Seputar Indonesia Timur – Panglima TNI Laksamana Yudo Margono menyebut, bahwa belum ada rencana untuk mengerahkan pasukan tambahan ke wilayah Papua dalam waktu dekat. Walaupun eskalasi serangan Kelompok Kriminal Bersenjata (KKB) kembali meningkat.
“Untuk yang di Papua untuk penambahan pasukan saya kira belum kita laksanakan.

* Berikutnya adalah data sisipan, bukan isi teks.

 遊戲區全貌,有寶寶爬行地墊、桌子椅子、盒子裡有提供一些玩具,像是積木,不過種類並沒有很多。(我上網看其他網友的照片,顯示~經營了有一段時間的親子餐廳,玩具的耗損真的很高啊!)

Berdasarkan hasil evaluasi belum dilakukan,” jelasnya kepada awak media, Kamis (22/12).
Yudo mengatakan, eskalasi serangan KKB hanya meningkat di empat wilayah operasi TNI. Oleh karena itu, pihaknya pun akan memfokuskan operasi teritorial di daerah-daerah tersebut.

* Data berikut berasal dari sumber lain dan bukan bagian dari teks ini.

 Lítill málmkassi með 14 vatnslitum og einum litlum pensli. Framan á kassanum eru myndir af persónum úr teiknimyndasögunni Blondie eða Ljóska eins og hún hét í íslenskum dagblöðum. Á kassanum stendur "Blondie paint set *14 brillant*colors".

“Ada daerah-daerah dari delapan wilayah operasi itu, hanya empat yang eskalasi keamanannya tinggi. Ini yang akan menjadi fokus operasi,” katanya.
Perwira tinggi bintang empat tersebut menginginkan aktivitas masyarakat di daerah tersebut dapat berjalan aman. Selain itu, pihaknya juga fokus mengamankan sekolah dan rumah sakit setempat.
“Untuk daerah-daerah tertentu yang eskalasinya tinggi, yang kerawanannya tinggi, itu nanti akan kita fokuskan pengamanannya,” ucapnya.
Tindak Tegas KKB di Papua
Presiden Joko Widodo sebelumnya telah meminta Laksamana Yudo Margono yang baru saja dilantik sebagai Panglima TNI untuk menindak tegas kelompok kriminal bersenjata (KKB) di Papua.
“Saya kira baik pendekatan humanis baik, pengurangan prajurit TNI di Papua itu baik, tetapi harus tegas di sana KKB selalu berbuat seperti itu ya tidak akan selesai-selesai masalahnya,” ucap Jokowi di Istana Kepresidenan Jakarta, Senin (19/12).
Yudo sendiri memastikan pihaknya akan tetap melakukan operasi teritorial di Papua. Kemudian, dia akan berkoordinasi dengan Polri dalam membantu menindak kelompok yang ingin Papua merdeka ini.
“Jadi seperti kemarin penekanan Bapak Presiden, harus tegas namun tetap humanis. Jadi dengan operasi yang saat ini sedang dijalankan operasi teritorial,” kata Yudo.
Seperti yang diberitakan, beberapa hari belakangan, kelompok kriminal bersenjata (KKB) memulai aksinya kembali di Papua. Di mana satu warga sipil dilaporkan tewas dikarenakan kontak tembak antara polisi dengan kelompok itu di Kabupaten Kepulauan Yapen, Papua, pada Selasa (13/12).